For lists of entities, you can return the result as well as the metadata. By default, only the results are returned.

python results, meta = DOIs().get(return_meta=True)

python print(meta) {'total': 50869984, 'totalPages': 400, 'page': 1, 'states': [{'id': 'findable', 'title': 'Findable', 'count': 50869984}], 'resourceTypes': [{'id': 'dataset', 'title': 'Dataset', 'count': 15426144}, <...>] <...> 'subjects': [{'id': 'FOS: Biological sciences', 'title': 'Fos: Biological Sciences', 'count': 3304486}, <...>], 'citations': [], 'views': [], 'downloads': []}

Filters and queries

DataCite makes use of filter and queries. Filters can narrow down queries (~.~) and queries can help to search fields. See:

  • Filtering: https://support.datacite.org/docs/api-queries#filtering-list-responses
  • Making Queries: https://support.datacite.org/docs/api-queries#making-queries

The following example returns records created in the year 2020 on Dryad.

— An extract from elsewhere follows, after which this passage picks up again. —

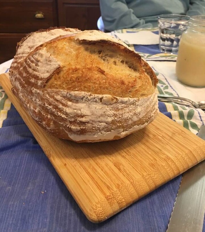 A few friends dropped in just as the loaves came out of the oven this morning and they really seemed to enjoy warm slices topped with butter and honey, or little chunks of Brie.

python DOIs().filter(created=2020, client_id="dryad.dryad").get()

which is identical to:

python DOIs().filter(created=2020).filter(client_id="dryad.dryad").get()

Queries can work in a similar fashion and can be applied to all fields. For example, search for records with climate change in the title.

python DOIs().query("climate change").get()

Important to note, this returns a list of all the DOI records that contain the phrases climate and change in their metadata (potential mistake in DataCite documentation).

Nested attribute filters

Some attribute filters are nested and separated with dots by DataCite. For example, filter on creators.nameIdentifiers.nameIdentifierScheme.

In case of nested attribute filters, use a dict to build the query.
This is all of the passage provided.